De plus, les instances onusiennes préfèrent souvent privilégier des solutions locales, en l’occurrence africaines. A présent, les regards se tournent donc davantage vers la Communauté économique des Etats de l’Afrique de l’Ouest (Cédéao). Basée à Abuja au Nigeria, celle-ci a déjà conduit des opérations de la paix au Liberia et en Sierra Leone au cours des années 1990. Depuis, elle a également prévu de se doter d’une force d’interposition permanente, qui devait être mise sur pied en 2015. Le problème est que son dispositif de formation continue n’a jamais fait ses preuves. En principe, des enseignements stratégiques, tactiques et opérationnels devaient être respectivement dispensés au Nigeria, au Mali et au Ghana, où un Centre Kofi Annan a été ouvert à Accra en 2003. Mais l’école de maintien de la paix de Bamako n’est évidemment plus en mesure de fonctionner. Son directeur, le colonel Moussa Sinko Coulibaly, a d’ailleurs participé au coup d’Etat du capitaine Amadou Sanogo, ce qui augure mal des résultats des formations destinées à démocratiser les troupes africaines !

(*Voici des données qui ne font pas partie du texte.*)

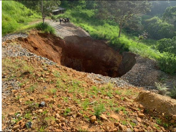
Hundimiento en el Sector Gonzalo Pizarro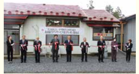
▲放課後等デイサービス第3クレヨン開所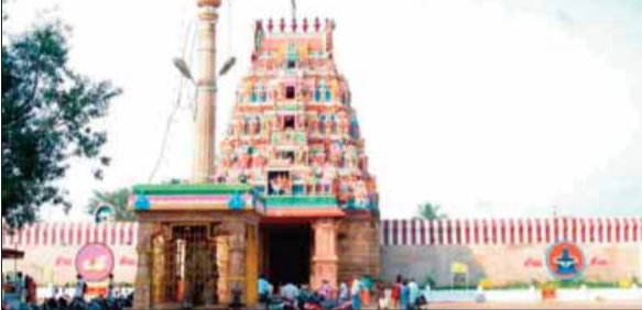
कोयम्बटूर के धार्मिक स्थलों में से एक, 11वीं शताब्दी का पेठर पाटेश्वर विर्मित मंदिर राजा करिकाल को दान बजाया गया था। शिव को स्वयंभू लिंगम के रूप में, पीठासीन देवता, पटेश्वर के रूप में पूजा जाता है।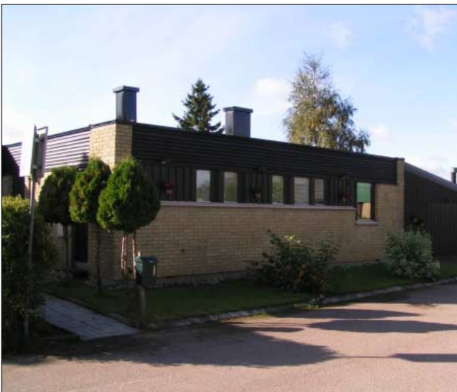
Husen har inga eller låga socklar. Gavelspetsen är ofta klädd med trä-panel. Enluftsönster eller fönster i förband.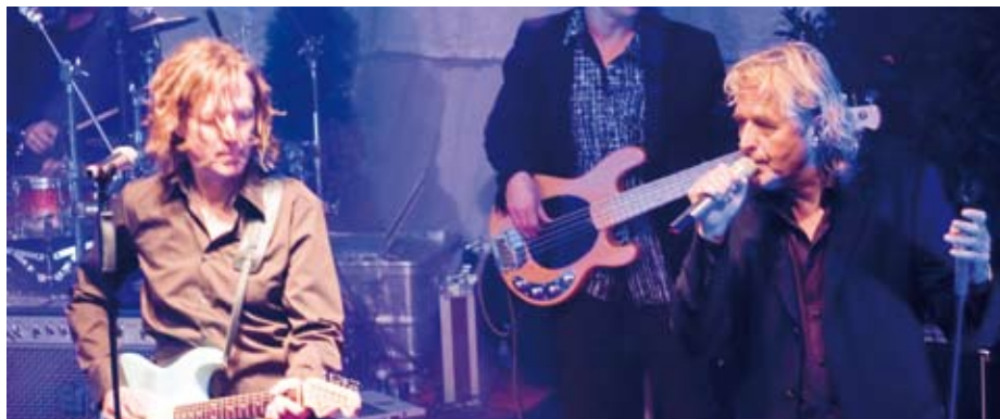
Auftritt der Brüder Jogl und Charly von Brunner & Brunner mit Band als Sensation im Oktoberfestzelt auf der Herbstmesse.

On s’interroge également sur la capacité des armées de la région à sécuriser le retour au pouvoir d’un gouvernement civil à Bamako. Parce qu’il est le pays le plus peuplé du continent, le Nigeria anglophone dispose des plus gros effectifs militaires d’Afrique de l’Ouest et fait figure de candidat "naturel". Dans le passé, il a déjà participé à de nombreuses opérations pour le rétablissement de la paix et comptait parmi les principaux pays qui fournissaient des casques bleus aux Nations Unies. Aujourd’hui engagé au Darfour pour le compte de l’Union africaine, le Nigeria a également encadré et commandé les interventions militaires de la Cédéao pour mettre un terme aux guerres civiles qui ont ravagé le Liberia et la Sierra Leone dans les années 1990. Ces précédents n’ont cependant pas toujours été très heureux.

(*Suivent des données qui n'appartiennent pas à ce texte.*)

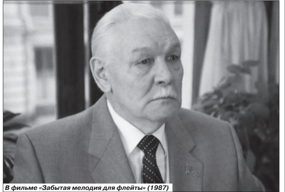
В фильме «Забывтая мелодия для флейты» (1987)

Это были люди одной кровеносной системы, сообщающиеся сосуды. Папа ей говорил: «Лида, я считаю, что всему, чего я в жизни добился, обязан тебе».

Au Liberia, par exemple, l’armée nigériane a largement participé au pillage du pays. En outre, elle a monté et financé des milices locales pour faire la guerre par procuration et éviter d’engager ses propres troupes au combat. En empêchant l’arrivée au pouvoir de Charles Taylor en 1990, elle a retardé d’autant la résolution du conflit... qui s’est conclu par l’élection dudit Charles Taylor en 1997. A l’intérieur même du Nigeria, l’armée s’est par ailleurs rendue responsable de plusieurs massacres à Odi, dans le delta du Niger en 1999, dans des villages de la Middle Belt en 2001 et, encore récemment, dans le Borno en 2009, pour n’en citer que quelques-uns. Ses "bavures" sont si systématiques qu’elles posent crûment la question de la capacité des militaires nigérians à intervenir dans des opérations de paix.

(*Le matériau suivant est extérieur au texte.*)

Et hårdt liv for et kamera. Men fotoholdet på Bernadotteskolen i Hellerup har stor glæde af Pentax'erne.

La difficulté est que les alternatives locales ne sont pas légion. Alors que la Côte d’Ivoire se remet à peine de sa guerre civile, le Burkina Faso francophone apparaît comme un des derniers pays stables de la région, et son président, Blaise Compaoré, a été nommé médiateur de la Cédéao au Mali. L’armée burkinabé n’a cependant pas les moyens de rétablir l’ordre constitutionnel à Bamako. Arrivé au pouvoir en 1983 par un coup d’Etat confirmé en 1987, le président Blaise Compaoré essaie d’utiliser sa position diplomatique pour s’acheter une nouvelle légitimité sur la scène internationale. Mais il n’est pas forcément le mieux placé pour résoudre la crise gouvernementale à Bamako. En effet, un conflit frontalier a déjà opposé les armées burkinabé et malienne en 1985. En guise de gardien de paix, le président Blaise Compaoré a, quant à lui, attisé la guerre au Liberia en soutenant et en armant la faction de Charles Taylor.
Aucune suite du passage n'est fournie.